Unnamed: 0,id,sentiment,review
0,"""5814_8""",1,"""With all this stuff going down at the moment ..."
1,"""2381_9""",1,"""\""The Classic War of the Worlds\"" by Timothy ..."
2,"""7759_3""",0,"""The film starts with a manager (Nicholas Bell..."
3,"""3630_4""",0,"""It must be assumed that those who praised thi..."
4,"""9495_8""",1,"""Superbly trashy and wondrously unpretentious ..."


In [13]:
pos_review = reviews['review'][0]
neg_review = reviews['review'][2]

In [14]:
print(pos_review)

"With all this stuff going down at the moment with MJ i've started listening to his music, watching the odd documentary here and there, watched The Wiz and watched Moonwalker again.

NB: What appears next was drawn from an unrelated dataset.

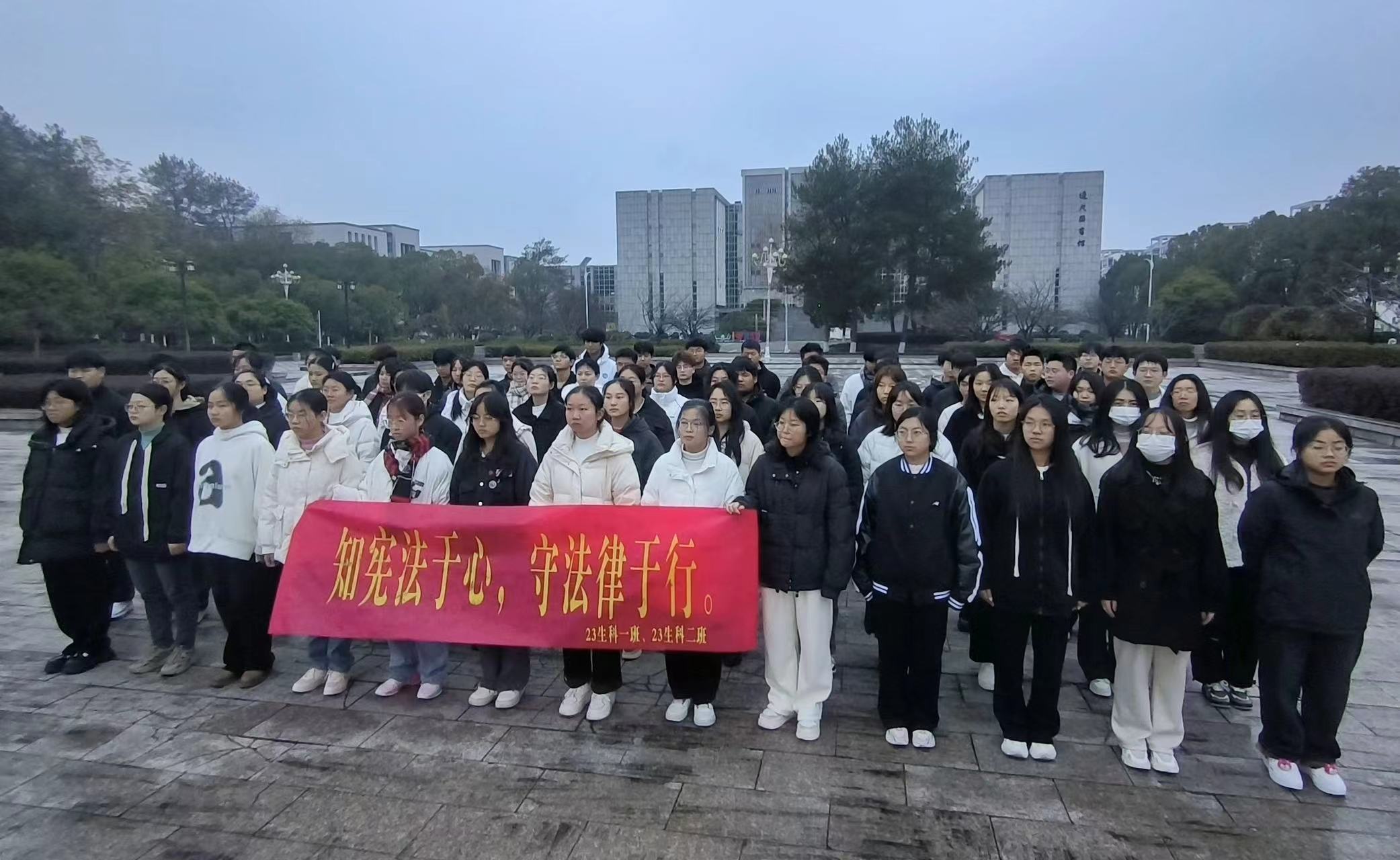 今年12月4日是我国第十个“国家宪法日”,也是全国法制宣传日。为认真学习贯彻习近平法治思想,进一步增强学生的宪法意识和法治观念,推动校园形成弘扬宪法精神,维护宪法权威的良好氛围,12月4日上午,太阳成集团tyc7111在喷泉广场举行升国旗仪式暨“12.4国家宪法日”主题活动。太阳成集团tyc7111党委副书记万志兵、专职辅导员方芳、2023级生物科学专业新生参加了此次升旗仪式。

Maybe i just want to get a certain insight into this guy who i thought was really cool in the eighties just to maybe make up my mind whether he is guilty or innocent. Moonwalker is part biography, part feature film which i remember going to see at the cinema when it was originally released. Some of it has subtle messages about MJ's feeling towards the press and also the obvious message of drugs are bad m'kay.<br /><br />Visually impressive but of course this is all about Michael Jackson so unless you remotely like MJ in anyway then you are going to hate this and find it boring. Some may call MJ an egotist for consenting to the making of this movie BUT MJ and most of his fans would say that he made it for the fans which if true is really nice of him.<br /><br />The actual feature film bit when it finally sta

In [15]:
print(neg_review)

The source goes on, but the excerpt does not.